═══ Records for this exercise ═══

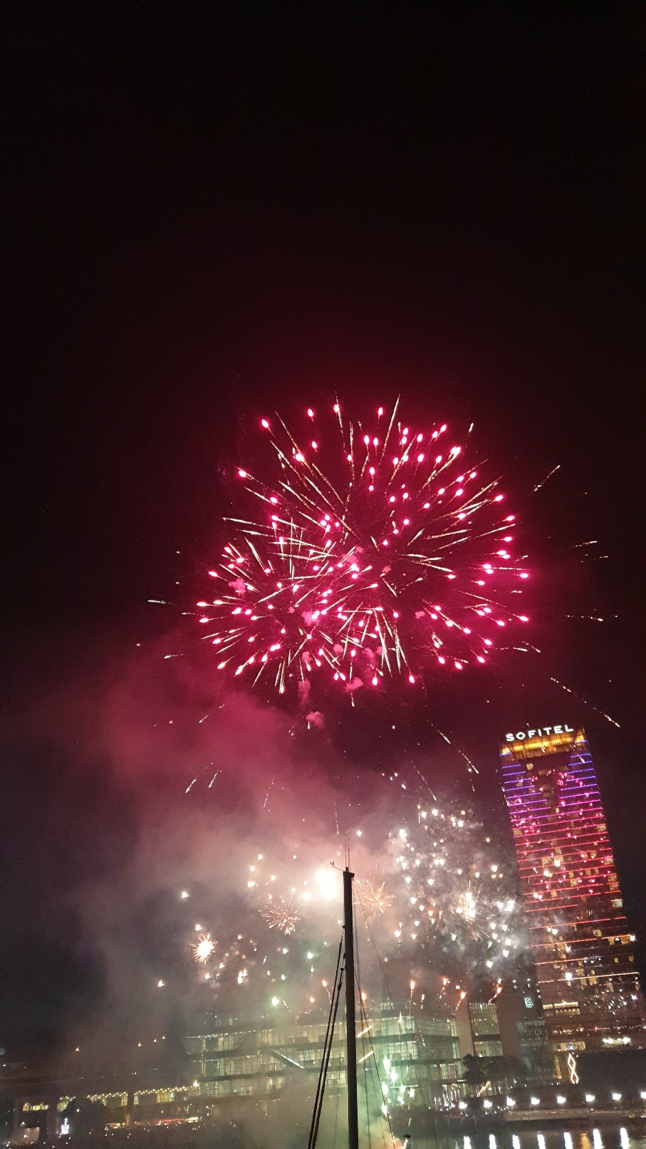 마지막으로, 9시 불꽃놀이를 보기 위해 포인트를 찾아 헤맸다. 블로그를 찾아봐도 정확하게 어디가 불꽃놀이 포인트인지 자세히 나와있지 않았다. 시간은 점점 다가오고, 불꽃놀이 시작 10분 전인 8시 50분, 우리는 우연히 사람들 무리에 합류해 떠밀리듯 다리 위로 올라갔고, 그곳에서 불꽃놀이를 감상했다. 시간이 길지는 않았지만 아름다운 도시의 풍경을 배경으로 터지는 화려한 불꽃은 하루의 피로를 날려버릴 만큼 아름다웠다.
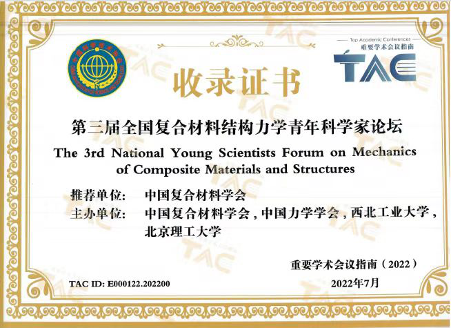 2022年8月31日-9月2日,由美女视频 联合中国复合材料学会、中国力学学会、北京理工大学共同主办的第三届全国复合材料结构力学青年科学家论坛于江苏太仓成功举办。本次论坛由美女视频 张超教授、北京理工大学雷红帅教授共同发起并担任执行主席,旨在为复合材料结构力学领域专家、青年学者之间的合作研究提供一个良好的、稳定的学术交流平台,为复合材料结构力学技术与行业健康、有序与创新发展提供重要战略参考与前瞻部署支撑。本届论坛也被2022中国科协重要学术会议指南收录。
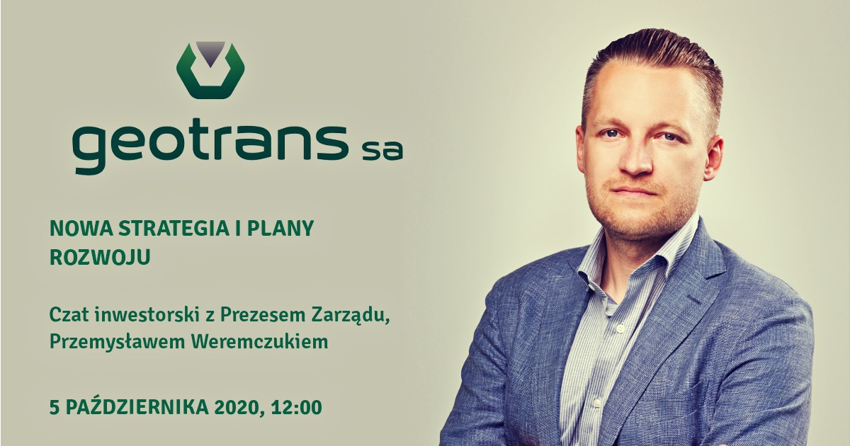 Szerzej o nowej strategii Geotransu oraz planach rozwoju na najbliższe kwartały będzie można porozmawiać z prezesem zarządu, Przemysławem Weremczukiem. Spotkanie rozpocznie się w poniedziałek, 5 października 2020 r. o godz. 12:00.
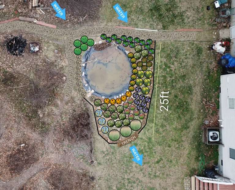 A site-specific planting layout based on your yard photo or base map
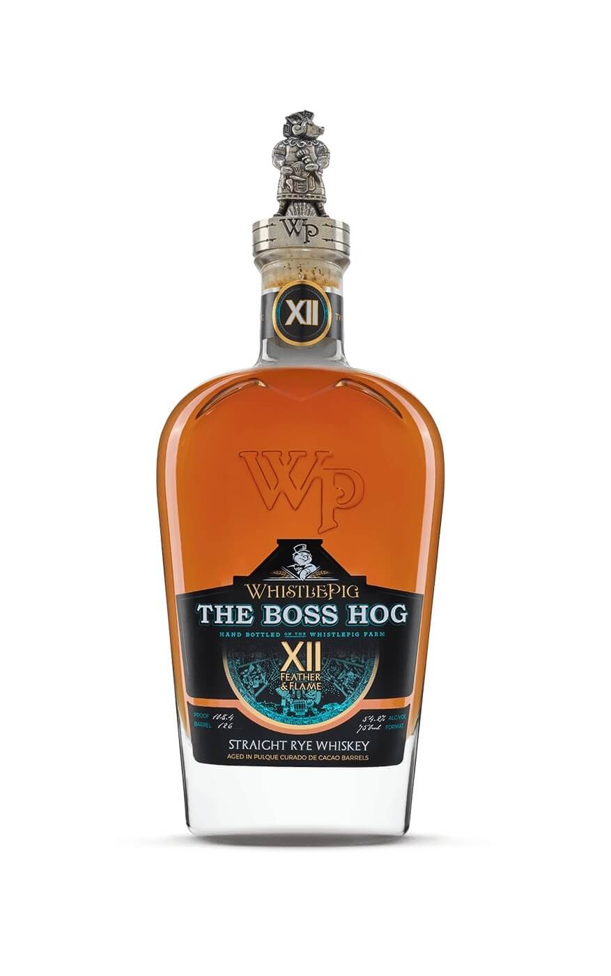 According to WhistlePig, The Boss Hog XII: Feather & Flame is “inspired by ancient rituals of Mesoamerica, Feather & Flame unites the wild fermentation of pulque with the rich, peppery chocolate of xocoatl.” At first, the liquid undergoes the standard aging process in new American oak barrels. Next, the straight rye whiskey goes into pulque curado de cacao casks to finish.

═══

#### Task details
Exact duplicates of all the entries are required, and no image may appear in them.

#### Output
 마지막으로, 9시 불꽃놀이를 보기 위해 포인트를 찾아 헤맸다. 블로그를 찾아봐도 정확하게 어디가 불꽃놀이 포인트인지 자세히 나와있지 않았다. 시간은 점점 다가오고, 불꽃놀이 시작 10분 전인 8시 50분, 우리는 우연히 사람들 무리에 합류해 떠밀리듯 다리 위로 올라갔고, 그곳에서 불꽃놀이를 감상했다. 시간이 길지는 않았지만 아름다운 도시의 풍경을 배경으로 터지는 화려한 불꽃은 하루의 피로를 날려버릴 만큼 아름다웠다.
 2022年8月31日-9月2日,由美女视频 联合中国复合材料学会、中国力学学会、北京理工大学共同主办的第三届全国复合材料结构力学青年科学家论坛于江苏太仓成功举办。本次论坛由美女视频 张超教授、北京理工大学雷红帅教授共同发起并担任执行主席,旨在为复合材料结构力学领域专家、青年学者之间的合作研究提供一个良好的、稳定的学术交流平台,为复合材料结构力学技术与行业健康、有序与创新发展提供重要战略参考与前瞻部署支撑。本届论坛也被2022中国科协重要学术会议指南收录。
 Szerzej o nowej strategii Geotransu oraz planach rozwoju na najbliższe kwartały będzie można porozmawiać z prezesem zarządu, Przemysławem Weremczukiem. Spotkanie rozpocznie się w poniedziałek, 5 października 2020 r. o godz. 12:00.
 A site-specific planting layout based on your yard photo or base map
 According to WhistlePig, The Boss Hog XII: Feather & Flame is “inspired by ancient rituals of Mesoamerica, Feather & Flame unites the wild fermentation of pulque with the rich, peppery chocolate of xocoatl.” At first, the liquid undergoes the standard aging process in new American oak barrels. Next, the straight rye whiskey goes into pulque curado de cacao casks to finish.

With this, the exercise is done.